COCKRUM et al v. DONALD J. TRUMP FOR PRESIDENT, INC. et al
Filing
43
REPLY to opposition to motion re 21 MOTION to Dismiss under the D.C. Anti-SLAPP Act filed by DONALD J. TRUMP FOR PRESIDENT, INC.. (Carvin, Michael)
IN THE UNITED STATES DISTRICT COURT
FOR THE DISTRICT OF COLUMBIA
ROY COCKRUM,
ET AL .,
Plaintiffs,
v.
Case No. 1:17-cv-1370-ESH
DONALD J. TRUMP FOR PRESIDENT,
INC. ET AL .,
Defendants.
REPLY IN SUPPORT OF
DEFENDANT DONALD J. TRUMP FOR PRESIDENT, INC.’S
SPECIAL MOTION UNDER THE D.C. ANTI-SLAPP ACT
TO DISMISS THE FIRST AMENDED COMPLAINT
Jeffrey Baltruzak
JONES DAY
500 Grant Street, Suite 4500
Pittsburgh, PA 15219
(412) 391-3939
jbaltruzak@jonesday.com
Michael A. Carvin
Counsel of Record
Vivek Suri
JONES DAY
51 Louisiana Avenue, NW
Washington, DC 20001
(202) 879-3939
macarvin@jonesday.com
vsuri@jonesday.com
Counsel for Donald J. Trump for President, Inc.
TABLE OF CONTENTS
Page
Table of Authorities ...................................................................................................... ii
Argument ...................................................................................................................... 1
A. The District of Columbia Anti-SLAPP Act applies in federal court ............... 1
B. The Anti-SLAPP Act applies to this case ........................................................ 2
C. The Anti-SLAPP Act does not entitle Plaintiffs to take discovery ................. 4
Conclusion ..................................................................................................................... 6
Certificate of Service
i
TABLE OF AUTHORITIES
Page(s)
CASES
Abbas v. Foreign Policy Group, LLC,
783 F.3d 1328 (D.C. Cir. 2015) ................................................................................. 1
Competitive Enterprise Institute v. Mann,
150 A.3d 1213 (D.C. 2016) .................................................................................... 1, 4
Deripaska v. Associated Press,
No. 17-913 (Oct. 17, 2017) ........................................................................................ 1
Viles v. Ball,
872 F.2d 491 (D.C. Cir. 1989) ................................................................................... 4
STATUTES
D.C. Code § 16-5501 ................................................................................................... 2, 3
D.C. Code § 16-5502 ................................................................................................... 2, 4
OTHER AUTHORITIES
Fed. R. Civ. P. 26 ............................................................................................................ 4
ii
ARGUMENT
In their opposition to the Campaign’s special motion to dismiss under the District
of Columbia’s Anti-SLAAP Act, Plaintiffs assert that the Act does not apply in federal
court (and in any event does not cover this case). As we noted in our opening brief, we
recognize that this Court did not apply the Act in Deripaska v. Associated Press, No.
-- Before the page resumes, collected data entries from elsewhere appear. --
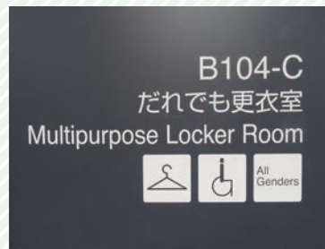
だれでも更衣室のピクトグラム Pictograms outside the gender-neutral / accessible locker room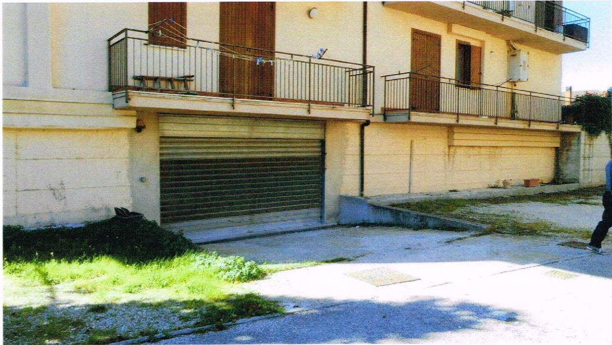
FOTO DELLA DELL'INGRESSO AL PIANO SEMINTERRATO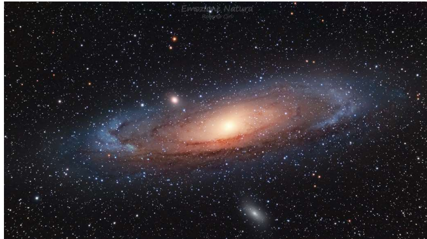
Galassia di Andromeda (M31)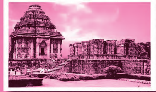
سورپه مندر (ڪونارڪ)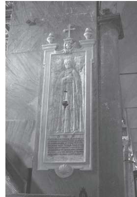
Slika 7: Kraljičina nadgrobna ploča u rimskoj bazilici Santa Maria in Aracoeli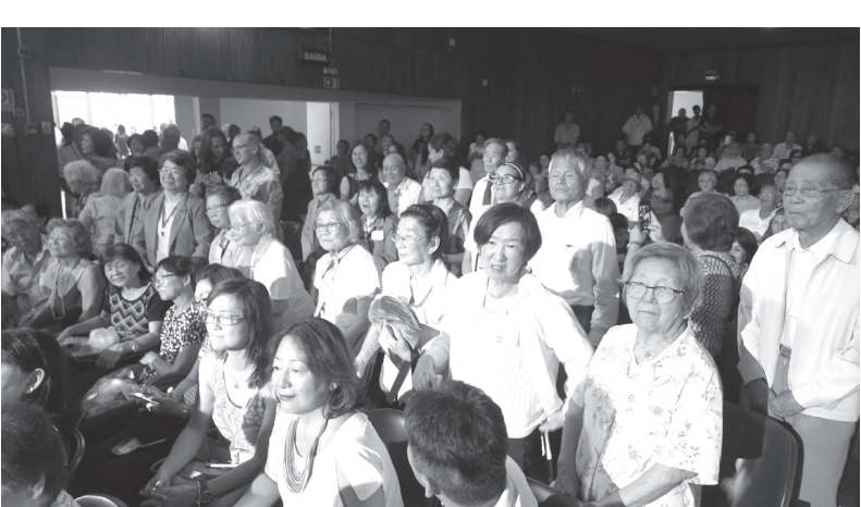
当日、憩の園の入園者も楽しみに見に来た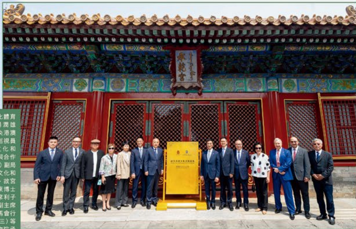
香港特區政府文化體育及旅遊局長楊潤雄（左六）；中共中央港澳工作辦公室二級巡視員許麗（左五）；文化和旅游部國際交流與合作局（港澳台辦公室）副局長孔倫（右六）；文化和旅游部黨組成員、故宮博物院院長王旭東博士（左七）；馬會主席利子厚（右七）；馬會副主席廖長江（右五）；馬會行政總裁應家柏（右三）等嘉賓，在故宮博物院承乾宮「故宮香港文化交流基地」牌匾旁合照。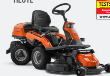
Husqvarna R216T AWD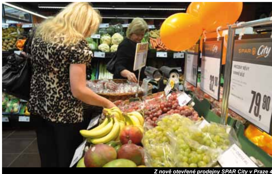
Z nově otevřených prodejen SPAR City v Praze 4

(Assessment Centrum (AC) je speciální diagnostická metoda, která se používá pro výběr zaměstnanců z většího počtu uchazečů. Účastníci jsou hodnoceni v konkrétních situacích, které simulují reálné problémy – rozhodují se, vytvářejí tým a vzájemně komunikují. To umožňuje poznat účastníka z mnoha úhlů, a vytvořit si tak komplexní náhled.)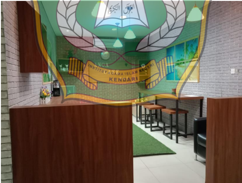
Fasilitas café bagi pegawai Bank Syariah Indonesia Cabang MT.Haryono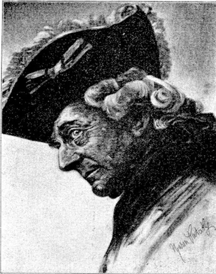
FREDERIK DE GROOTE 1712—1786.

man van aanzienlijken rang, en vond dat alles buitengewoon prettig, totdat hij, wat ouder geworden, door een zijner leermeesters in kennis werd gebracht met de werken van de toenmalige Fransche schrijvers, die hem zoo aantrokken, dat hij alle overige dingen er voor verwaarloosde en den toorn opwekte van zijn vader, den strengen, hardvochtigen Koning Frederik Wilhelm I, den man van het regiment reuzengrenadiers.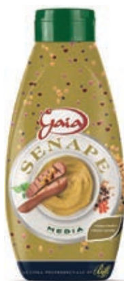
SLS520 SENAPE TWISTER GAIA 820 GR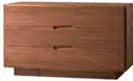
ART. 1272/N COMÒ MALIBÙ

MISURE: L 130,5 P 55 H 76,5 DESCRIZIONE: comò a 3 cassetti in legno di noce canaletto, con guide metalliche. Particolare la struttura ad angoli smussati e le maniglie intagliate in diagonale. Finitura: F32/N. Design Centro Ricerche MAAM PESO: 73 kg - m 3 : 0,65 - COLLI: 1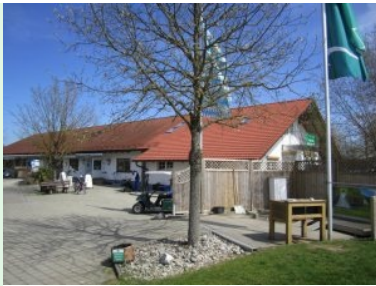
Das Clubhaus der Golfanlage Harthausen bei München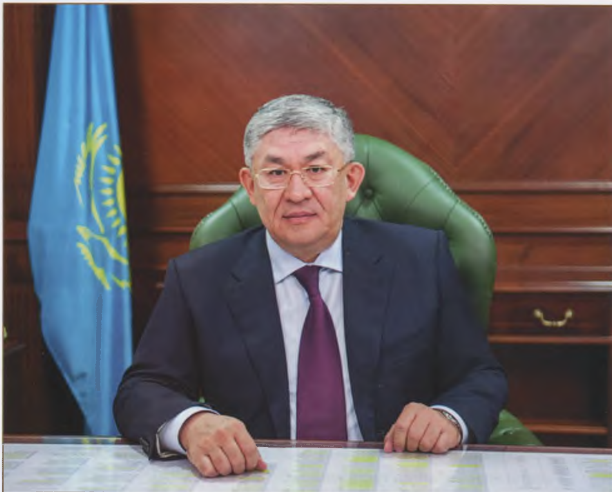
ҚЫРЫМБЕК КӨШЕРБАЕВ ҚАЗАҚСТАН РЕСПУБЛИКАСЫНЫҢ МЕМЛЕКЕТТІК ХАТШЫСЫ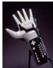
Figura 5.1.a. Dataglove

cada dedo. Una pequeña tira de plástico mylar es cubierta con una tinta eléctricamente conductora y colocada a lo largo de la longitud de cada dedo. Cuando los dedos son llevados rectos, una corriente eléctrica pequeña pasando a través de la tinta permanece estable. Cuando se dobla un dedo, la computadora puede medir el cambio en la resistencia eléctrica de la tinta. La ventaja principal de los diferentes tipos de guantes es que proporcionan un dispositivo de interacción más intuitivo que el ratón o una palanca de mando. Esto es porque los guantes permiten que la computadora lea y represente ademanes de la mano. Los objetos en el ambiente pueden por lo tanto ser "cogidos" y manipulados, el usuario puede apuntar en la dirección deseada de movimiento, las ventanas pueden ser cerradas, etc.

17-913 (Oct. 17, 2017); we have presented the anti-SLAPP motion primarily to preserve the defense. We briefly address Plaintiffs’ arguments below.
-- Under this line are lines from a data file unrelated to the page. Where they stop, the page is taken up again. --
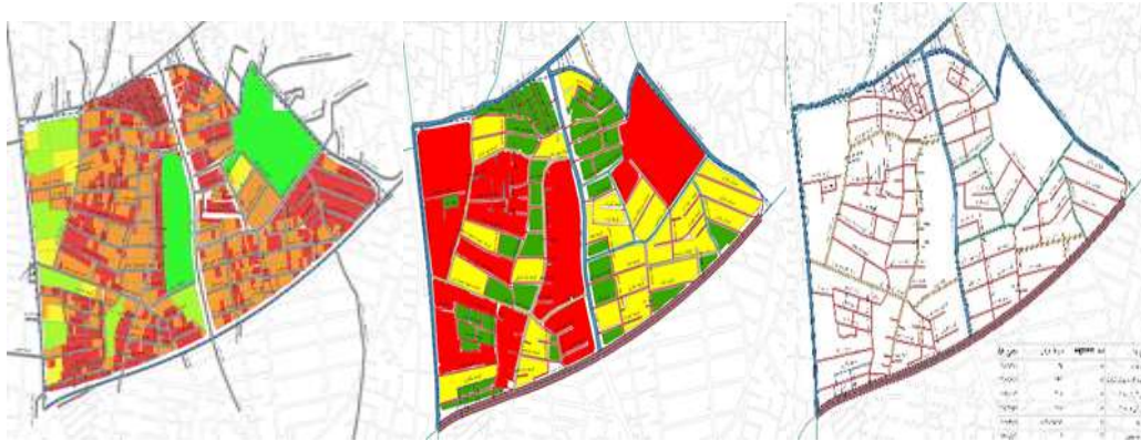
شکل ۲. عناصر کالبدی_ ریخت شناسانه (وضع موجود) در محدوده (الگوی خیابان، الگوی بلوک، الگوی قطعه). (ترسیم نویسندگان، ۱۳۹۶)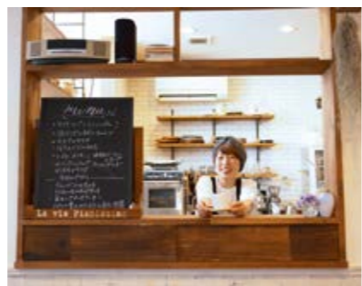
雑貨も購入いただけます

「Patrie (パトリ)という名前もフランス語「心のふるさと」という意味で、忙しく生きる皆さんが田舎に帰ってきたような感覚でお店を利用してもらえればと思います。」 「Patrie (パトリ)という名前もフランス語「心のふるさと」という意味で、忙しく生きる皆さんが田舎に帰ってきたような感覚でお店を利用してもらえればと思います。」 「Patrie (パトリ)という名前もフランス語「心のふるさと」という意味で、忙しく生きる皆さんが田舎に帰ってきたような感覚でお店を利用してもらえればと思います。」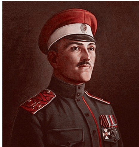
Туркул. А. В.

Данная «особая оговорка» мэрии Новороссийска представляет собой краткое изложение настойчиво распространяемого сегодня мифа о Туркуле, «патриоте, несмотря на сотрудничество с фашистами». Распространение подобных мифов наносит страшный удар по идентичности нашего народа, и так страшно надломленной благодаря разнузданной антисоветской пропаганде последних десятилетий и держащейся в основном лишь благодаря памяти о Великой Отечественной войне.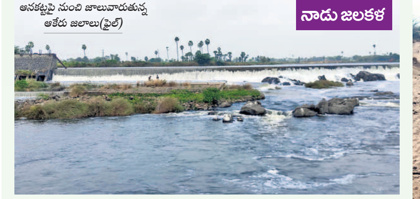
ఆనకట్టపై నుంచి జూలువారుతున్న ఆకేరు జలాలు(ఫైల్)

10 వరంగల్, శుక్రవారం 21 ఫిబ్రవరి 2025 WARANGAL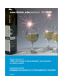
NL 04 2006 [29]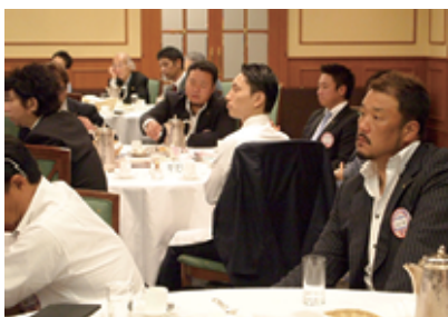
アジア大会に向けて真剣な眼差し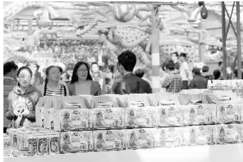
台湾农副产品惹人爱 4月20日,参观者在挑选台湾农副产品。当日,在山东寿光举行的第十五届中国国际蔬菜科技博览会上,来自宝岛台湾的农副产品吸引了众多参观者和客商的眼球。本届菜博会专设面积为7000平方米的“台湾馆”,展示包括农技、蔬果、花卉、农副产品、养生保健、台湾美食等内容,让参观者近距离体验台湾农副产品特色。

“为确保新商标法落实到位,我们配合国务院法制办开展了商标法实施条例的修订工作。年初,条例(修订草案)向社会公开征求意见后,已报国务院审议,有望在5月1日前公布实施。”国家工商行政管理总局商标局有关负责人吴群在会上说,该条例对商标注册申请、商标评审、商标专用权保护及商标代理等作出了新的规定。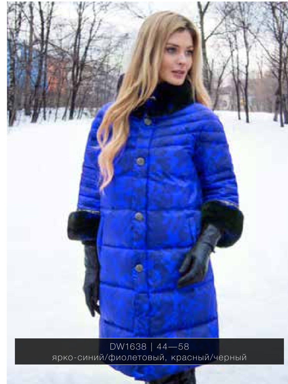
DW1638 | 44—58 ярко-синий/фиолетовый, красный/черный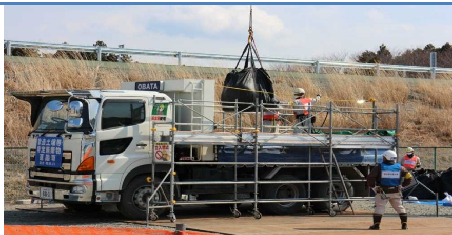
仮置場からの搬出作業

引き続き地元の御理解を得ながら、中間貯蔵施設の整備等を着実に実施することで、除染を迅速に進め、事故由来放射性物質による環境の汚染が人の健康又は生活環境に及ぼす影響を速やかに低減し、復興に資する。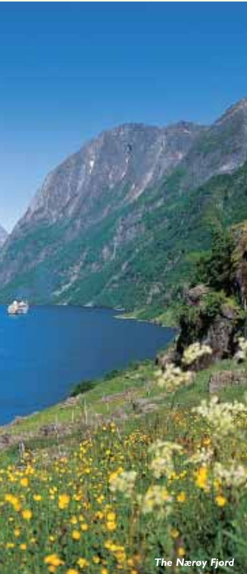
The Nærøy Fjord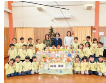
大隈城山校 PTAのみなさん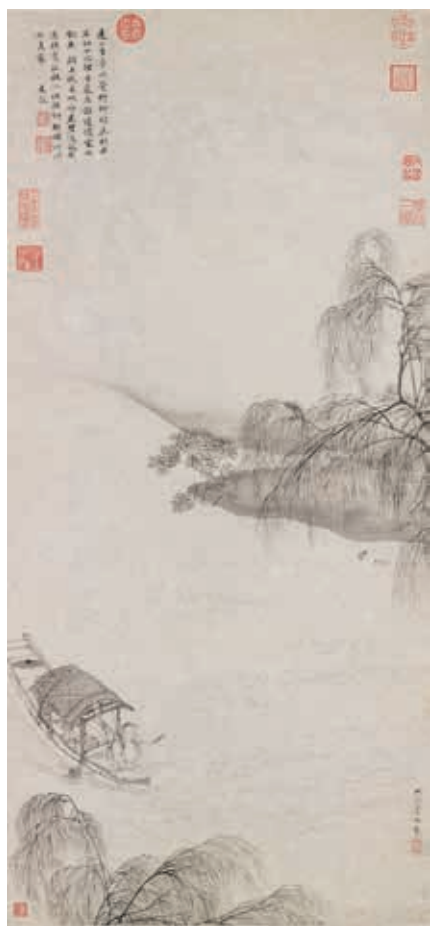
圖十九 明 仇英 柳塘漁艇 國立故宮博物院藏

與〈梧竹書堂圖〉雷同，畫工雖細，筆墨設色未若〈梧竹書堂圖〉具有雅趣，推測為摹本。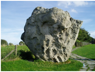
Fortællesten fra Avebury Stencirkel

I får mulighed for at besøge flere kraftsteder på rejsen bl.a. Tor, Avebury Stencirkel, Camelot, Tintagel og Merlin's hule.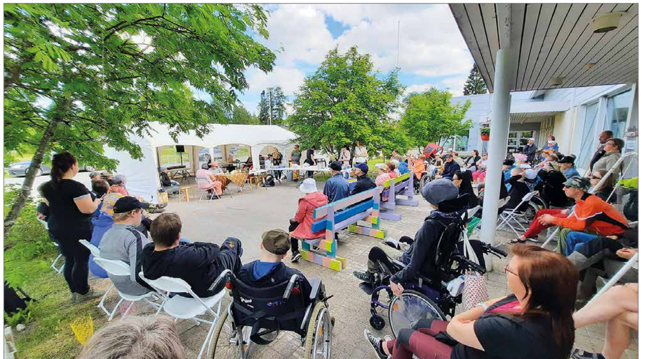
”Kyllä mummo maksaa”-näytelmää seurattiin silmä tarkkana.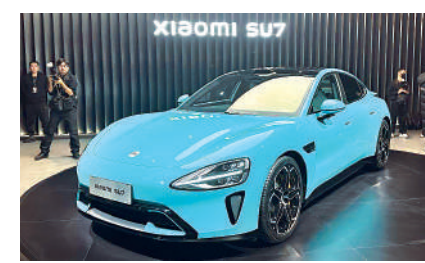
▲小米首款電動車SU7將於3月28日正式上市。

雷軍提到，小米汽車從0到1，與14年前小米手機從0到1，小米的成長階段和面臨的用戶期待非常不同，小米汽車需要做出點不一樣的東西，其中最重要的是智能科技，相信市場對小米、對新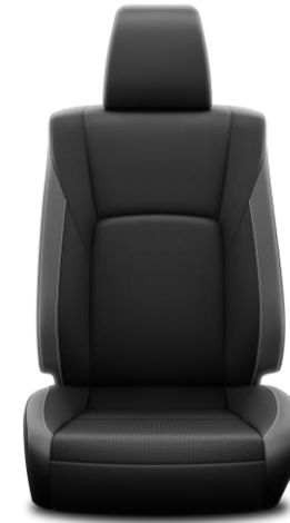
Sitzbezug Leder perforiert 1) Schwarz/grau

A. The District of Columbia Anti-SLAPP Act applies in federal court
Plaintiffs invoke the D.C. Circuit’s decision in Abbas v. Foreign Policy Group, LLC,
783 F.3d 1328 (D.C. Cir. 2015), refusing to apply the D.C. Anti-SLAPP Act in federal
court. Plaintiffs never deny, however, that the D.C. Circuit addressed a particular
interpretation of the Act that the D.C. Court of Appeals later rejected in Competitive
Enterprise Institute v. Mann, 150 A.3d 1213, 1238 n.32 (D.C. 2016). Plaintiffs instead
assert that “the applicability of the Anti-SLAPP statute in federal court” is for federal
courts, not D.C. courts, to determine. (Opp. 5.) That is true, but beside the point. The
D.C. Court of Appeals may not be final authority on whether the Anti-SLAPP Act
applies in federal court, but it is the final authority on what the Act means in the first
place. And that court has now held that the Anti-SLAPP Act does not mean what the
D.C. Circuit thought it meant in Abbas. As a result, no binding precedent addresses
whether the D.C. Anti-SLAPP Act, as currently interpreted, applies in federal court.
For the reasons explained in our opening brief, the Act does apply.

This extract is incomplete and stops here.